The retort which we might have given to him was crushed under a silent fuming, for he was still the Pasha! We might have said, “Aye; but, Pasha, you know, you find more interest in insects than in men. You are interested in the anatomy of a man, we in the soul. You know something of his skull, but we can feel the pulse, and we are certain that your faith in these men is misplaced, and that in the excess of this faith lies folly.”
Yet in the fervour of his belief in their imaginary fidelity, and the warmth of his manner, there was a certain nobility which deterred us from argument. His unwarying trustfulness was not convincing; but it deepened our regard for him, and it may be that he imbued us with a hope that, though invisible to us, there remained some good in them.

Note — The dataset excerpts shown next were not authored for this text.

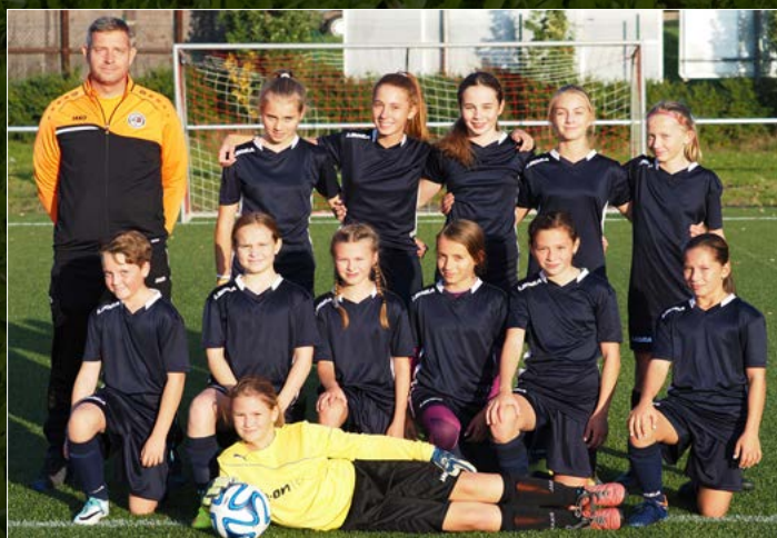
Výběr OFS Hradec Králové dívky WU-13.
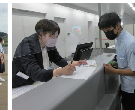
▲一人ずつチェックインの手続きを体験
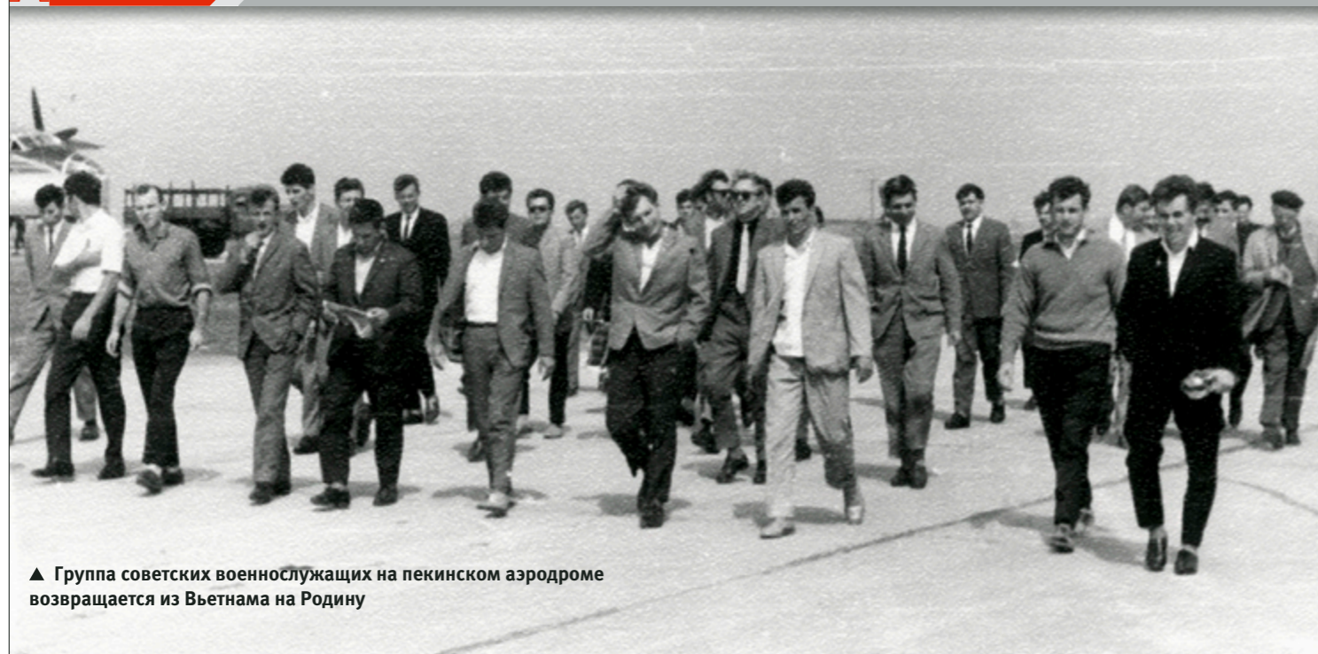
▲ Группа советских военнослужащих на пекинском аэродроме возвращается из Вьетнама на Родину
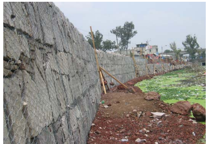
Durante la obra
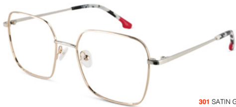
301 SATIN GOLD
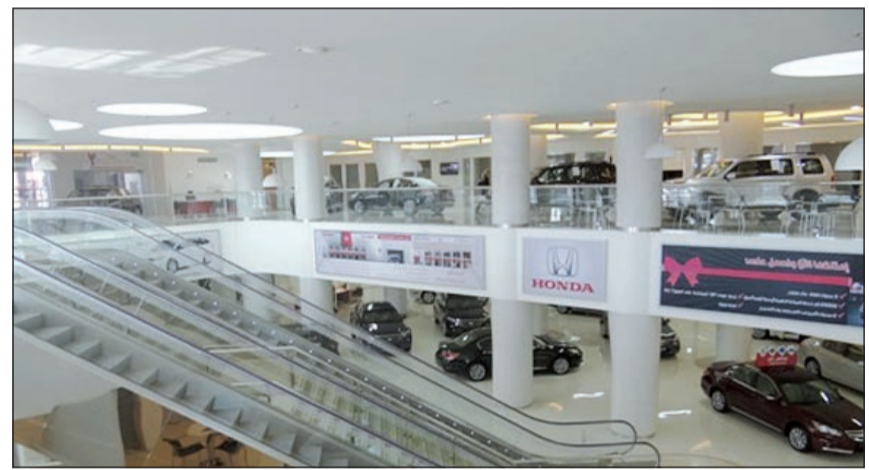
المعرض الجديد من الداخل

وأكدت الشركة أن معرض هوندا الجديد في الشويخ (في مجمع التلال) هو أحد الخطط التوسعية التي تسعى شركة المطوع والقاضي إلى المضي بها لخدمة عملائها وتلبية لتطلعاتهم في الحصول على خدمات متكاملة ومتميزة. وكشفت «المطوع والقاضي» عن خططها القادمة في تجديد معرضها الكائن في «الري» ليكون هو الآخر أحد أفضل وأحدث معارض هوندا في المنطقة.

We dare not treat these features of a trustful, loving nature like that of Emin Pasha with an insolent levity. He is a man, as I have said, eminently lovable, and were it only for the pleasure we have oftentimes received in his society, he deserves that what may be said of him shall be delivered with charity at least. For the high though impossible hopes entertained by him, and for the strenuous industry with which he endeavoured to realize them, he deserves the greatest honour and respect.
If we will only consider the accident which brought him to Khartoum, and the rank and position he then filled, and the manner he rose from doctor to storekeeper at Lado, to that of Governor of African Equatoria, we need not wonder that his nature and taste remained unchanged. The story of Gordon’s trouble in the Soudan has never been written, and it never will be. Gordon is a name that English people do not care to examine and define too closely. Otherwise, I should like to know why there were so few English officers with him. I should be curious to discover why such as had an opportunity of working with him did not care to protract their stay in the Soudan. I am inclined to believe by my own troubles on the Congo that his must have been great—perhaps greater; that not one of the least of his troubles must have been the difficulty of finding good, fit, serviceable, and willing men. In Emin Pasha he meets with a man who, though a German and a doctor of medicine, is industrious, civil, ready, and obliging. Had I met Emin on the Congo, those qualities would have endeared him to me, as they must have been appreciated by Gordon. Those qualities are much rarer than editors of newspapers imagine. Out of three hundred officers on the Congo, I can only count ten who possessed them, who by mere request would seize on their duties with goodwill, and perform them. How many did Gordon have? Emin was one of the best and truest.